Alkali treatment on NFs is a very common method usually used to remove hemicelluloses and lignin from them.²² This treatment increases hydrophobicity and leads to breaking down of the composite fiber bundle into smaller fibers. It also reduces fiber diameter and thereby increases the aspect ratio, which leads to the formation of a rough surface topography that results in better fiber–matrix interface adhesion.²³ Furthermore, this treatment also increases the number of possible reactive sites and allows better fiber wetting. In order to improve interfacial bonding and to reduce moisture absorption, the SGFs are treated with alkali. Acetylation is also a well-known esterification method causing plasticization of cellulosic fibers like SGF. It is beneficial in reducing the moisture absorption of NFs.²⁴ The reduction of the number of hydroxyl groups reduces the polarity. On the other hand, C₆H₅COCl includes benzoyl (C₆H₅C=O) that is used for benzoylation of NFs and attributed to the decreased hydrophilic nature of the treated fiber.²³

The effect of chemical treatment, such as methacrylamide, alkalization, or acetylation, on the properties of SGF-reinforced polymer composites has been studied earlier.^{8

–16} They have shown that the surface texture can be considerably modified by alkali treatments. When the modified fiber is added to the polymer matrix, the treated fiber-reinforced polymer composites (TFPC) exhibit a significant increase in mechanical properties as compared to the untreated ones.

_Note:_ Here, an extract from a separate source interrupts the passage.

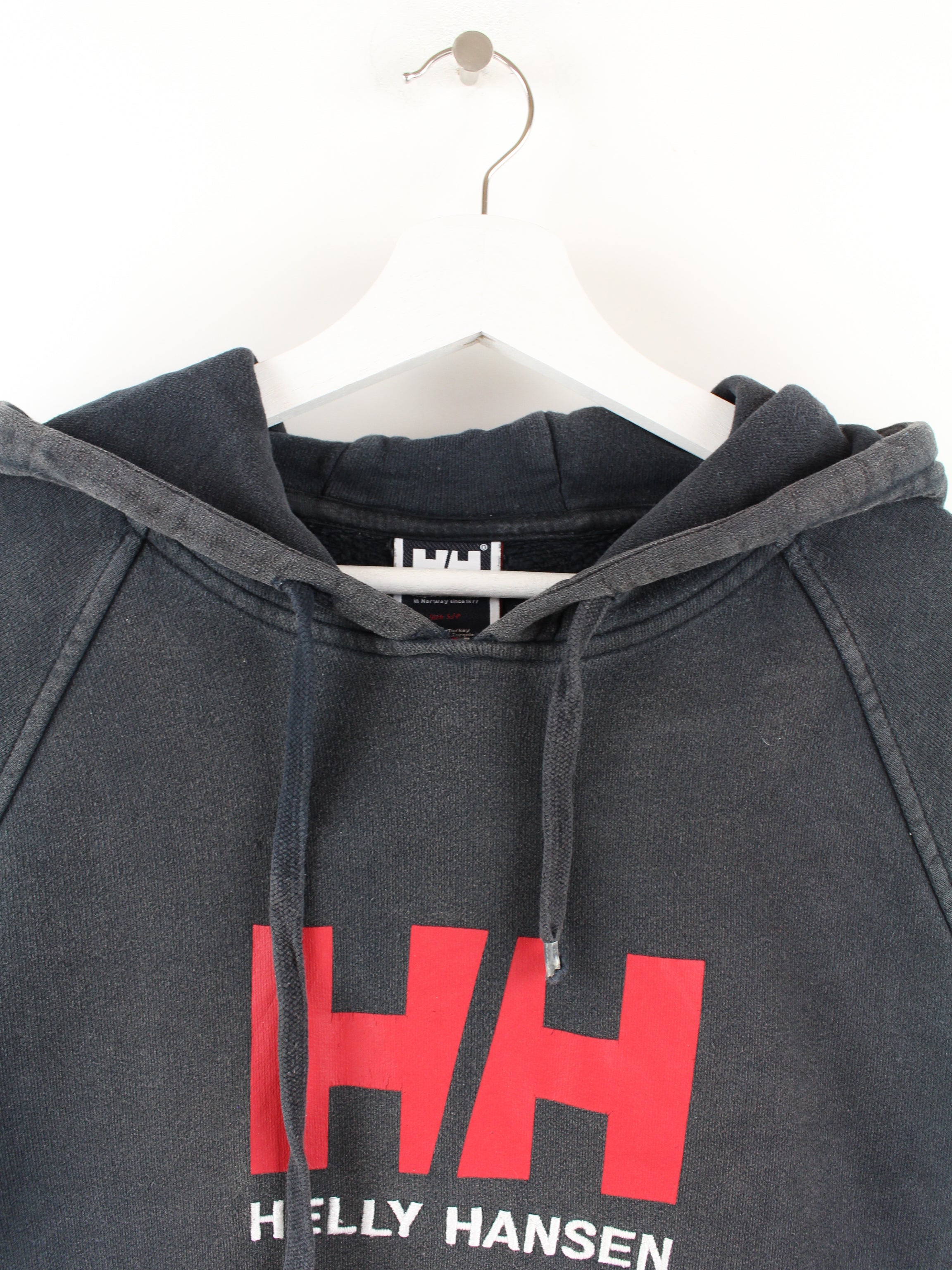 Schwarzer Hoodie der Marke Helly Hansen mit großem Logo.

The effect of fiber treatment and fiber loading on the mechanical properties of Luffa–resorcinol composites were investigated by Parida et al.¹⁴ They reported that tensile and compressive strength (CS) of the composites decreased with the incorporation of untreated LC fibers, but these values increase with the inclusion of treated fibers. The mechanical properties of kenaf/poly-L-lactide composites were studied by Nishino.²⁵ They observed that the modulus of the composites increases with the increase of the volume fraction up to a threshold limit and then decreases with an increase in the volume fraction of fibers in the composites.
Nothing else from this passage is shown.